That can sound confusing. So I'm just going to give you an example so
we understand, what's this thing?
Let's take a text, right? Like, the capybara text. That's confusing
or, like, that's surprising.
We wouldn't expect to, like, see this text just coming
out of, like, NLM. So the perplexity,
the surprise, the.
Just, like, the likelihood of that text,
or in, well, the unlikelihoodness of that text is
very high. So we wouldn't expect to see this
text. But why would
we not expect to see that text?
There's actually two parts of something being
unlikely. The first thing is that in
this case, this text is unlikely because it's unusual. So, like,
the topic is something very creative,
so we wouldn't expect to see this thing. But then
another source of perplexity surprise is
that the text is written by a human person. So when we write as humans,
we use, like, some words that wouldn't be the
top one choice for GPT, for example. GPT will
be more surprised to see a human text than a machine text.

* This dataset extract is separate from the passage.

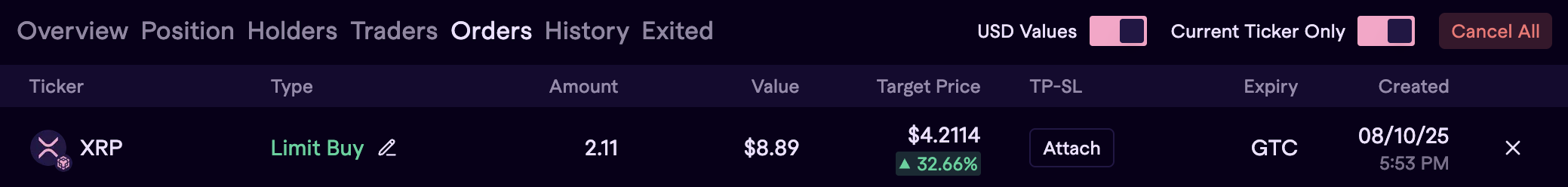 Each entry shows the token, order type, size, value, target price, attached take-profit/stop-loss settings, expiry type (e.g., GTC), creation timestamp, and quick actions to edit or cancel.&#x20;

And what we try to do is that we try to isolate these two
parts of surprise. So we try to
remove the part of the perplexity that
just comes from the fact that the text is unusual.
We remove this part. And that's what I
said before, right? Like, we normalize by the expected
surprise of an LLM on that text. We remove the
part of a text being surprising because it's unusual.
And if we get to do that, what we're left with
is that we have a measure of how
likely is the text to be written by an AI.
So that's what we do. That's a formula.
We get a measure, and the measure that we get
is a much better measure of how
is the this, how much is this text likely
to have been written by an LLM.
There's, well, a ratio that they came up with experimentally.
0.85. If we get like a higher
number, it's human. If we get a lower number, then it's AI.
It's a great idea, really. It's a great idea. And this system can
be tried online. I'm just not going to show it because it's basically
the same thing as the other systems that we just saw. But it's
a very smart idea and a very smart
way of trying to get around the problem of
the capybara problem. So that's binoculars.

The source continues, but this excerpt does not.